The “mutcorcell” function is implemented to identify somatic
mutation-specific immune cell response by inputting the abundance matrix
of immune cells and binary mutations matrix. This function firstly
detects differential abundance of immune cells concerning a particular
gene mutation status with the Significance Analysis of Microarrays (SAM)
method. Function mutcorcell
detects the differential immune
cells concerning a particular gene mutation status and construction of
two binary matrices based on the abundance matrix of significant
differential immune cell (one for up-regulated and one for
down-regulated), identification of somatic mutation-driven immune cells
by comparing the gene mutation status with each immune cell in the
binary matrices.
We selected the abundance matrix of immune cells and binary mutations
matrix for mutcorcell and obtained the results of A list of four
matrices.
* A binary numerical matrix which shows the immune cells
driven by somatic mutant gene;
* Two numerical matrices which show
the pvalue and fdr of the immune cells driven by somatic mutant gene;
* A character matrix which shows the cell responses of the immune
cells driven by a somatic mutant gene.
The commands are as
follows.
# get breast cancer cell abundance matrix, which can be the result of exp2cell function.

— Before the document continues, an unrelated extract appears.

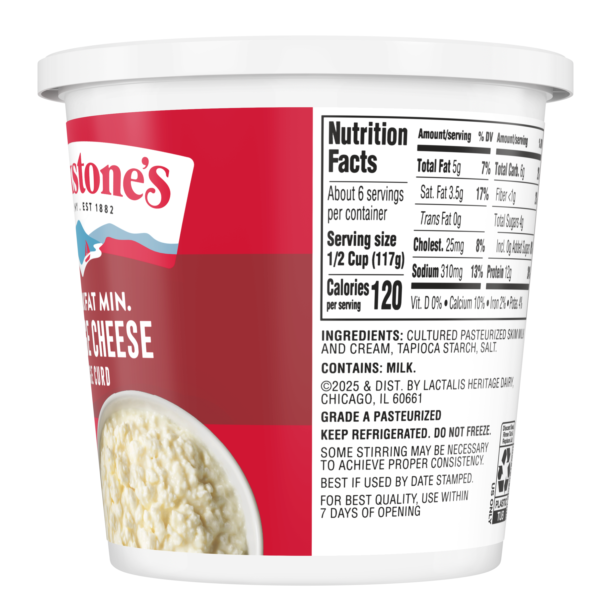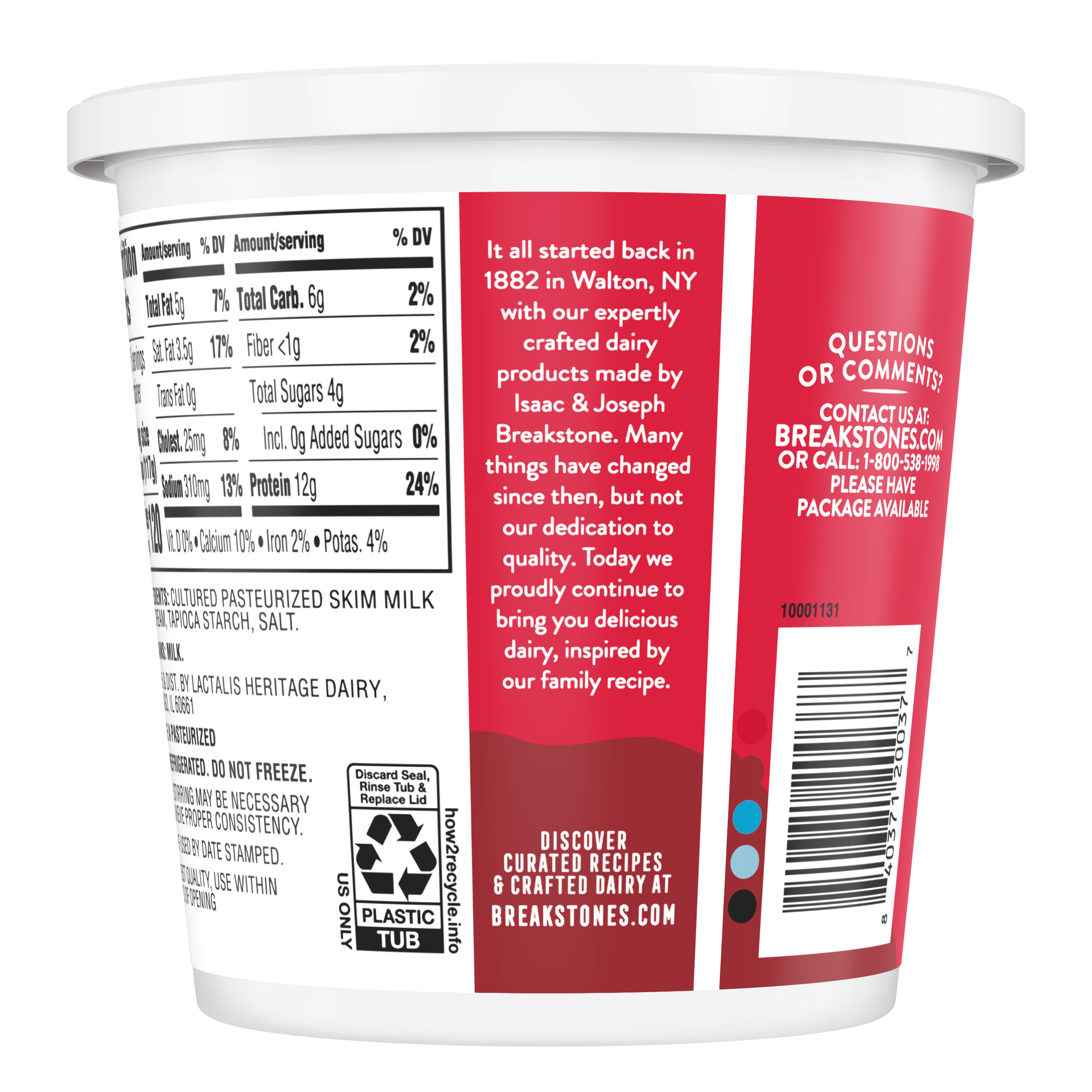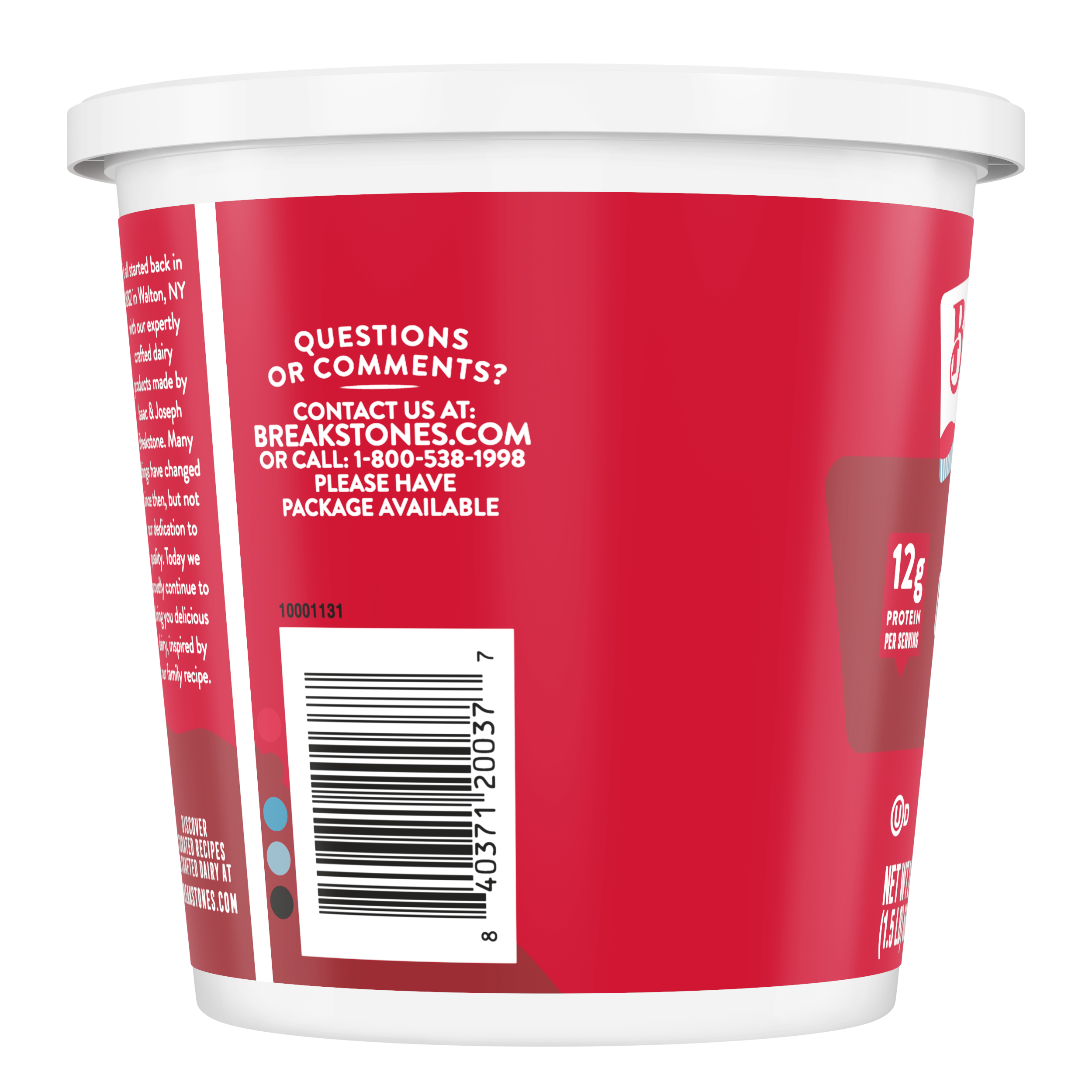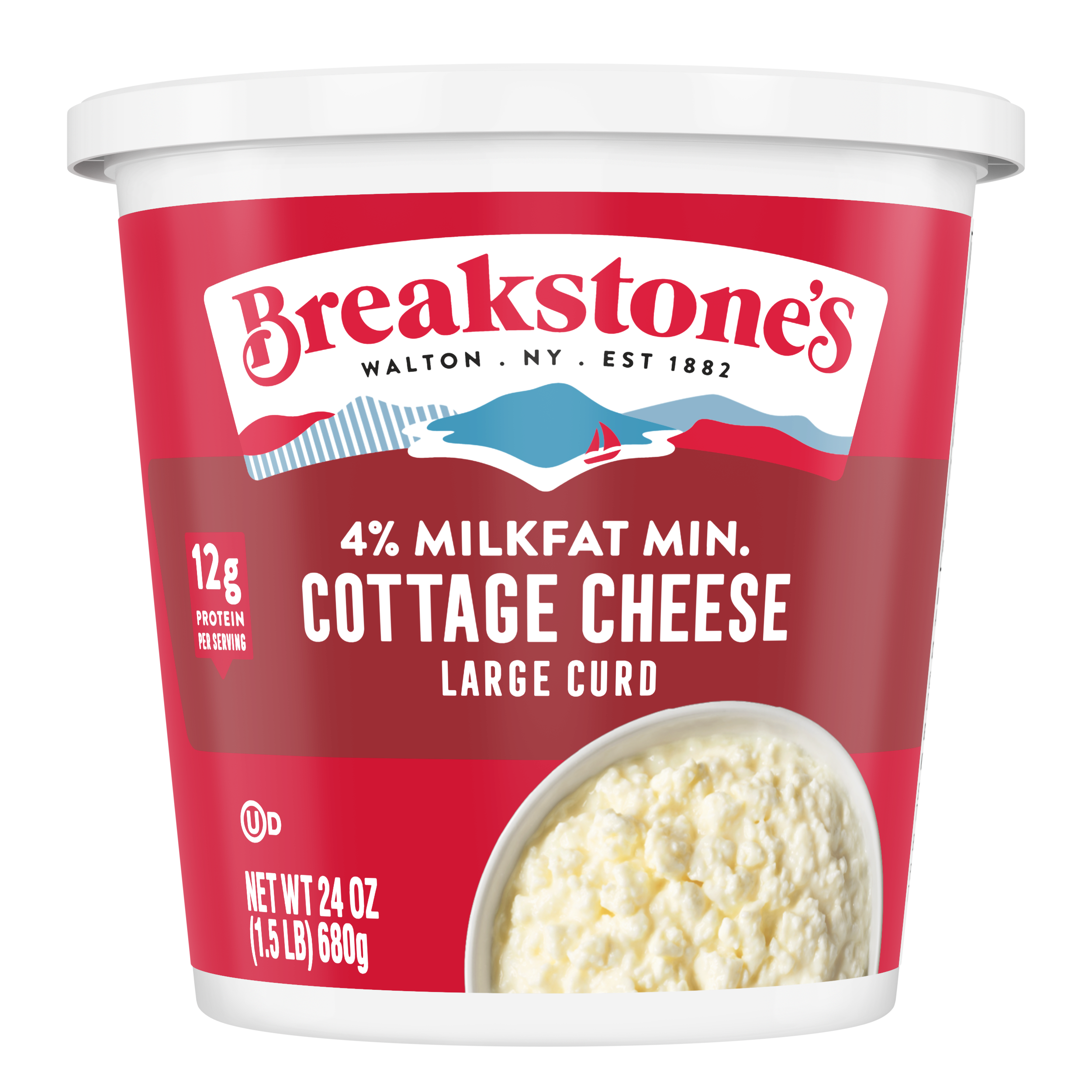 - Breakstone’s 4% milkfat large curd cottage cheese is delicious, creamy, and packed with protein. Since it’s origin in 1882 in Walton New York, each cup of Breakstone’s cottage cheese is a celebration of craftsmanship and expertise evident in hand cut curds wrapped in a rich dressing for a fresh and delectable dairy experience. Each serving of Breakstone’s 4% milkfat cottage cheese has 12g of protein and only 120 calories, making it a better choice for your meals. Enjoyed on its own, as a side dish, a protein snack for lunch or an ingredient in a variety of recipes, Breakstone’s cottage cheese is extremely versatile. Explore a variety of breakfast options using Breakstone’s 4% milkfat cottage cheese as a parfait bowl topped with fruits, on a toast with sweet or savory toppings, or simply blend with fruits or greens for a protein packed smoothie. You can go a step further and use Breakstone’s cottage cheese to make pasta dishes, salads, or even ice cream. Available in a 24oz container, Breakstone’s 4% milkfat cottage cheese can be stored in the fridge and enjoyed for a week once opened, giving you the opportunity to enjoy it in different ways. With over 140 years of heritage, Breakstone’s pays tribute to cultured dairy by bringing delicious high-quality dairy to your home.

cellmatrix<-GetExampleData("cellmatrix")
# get breast cancer binary mutations matrix, which can be the result of maf2matrix function.
mutmatrix<-GetExampleData("mutmatrix")
# perform the function `mutcorcell`.
mutcell<-mutcorcell(cellmatrix= cellmatrix,mutmatrix = mutmatrix,fisher.adjust = TRUE)
#get the result of the `mutcorcell` function
mutcell<-GetExampleData("mutcell")
# the binary numerical matrix which shows the immune cells driven by somatic mutant gene.
mutcell$mut_cell[1:6,1:6]
#the numerical matrix which shows the pvalue of the immune cells driven by a somatic mutant gene
#mutcell$mut_cell_p
#the numerical matrix which show the fdr of the immune cells driven by somatic mutant gene
#mutcell$mut_cell_fdr
#the character matrix which shows the cell responses of the immune cells driven by a somatic mutant gene."up" means up-regulation, "down" means down-regulation, and "0" means no significant adjustment relationship
#mutcell$mut_cell_cellresponses
tip: The binary matrix can not only come from the maf2matrix function but also any binary mutations matrix, in which 1 represents any mutation occurs in a particular gene in a particular sample, otherwise the element is 0.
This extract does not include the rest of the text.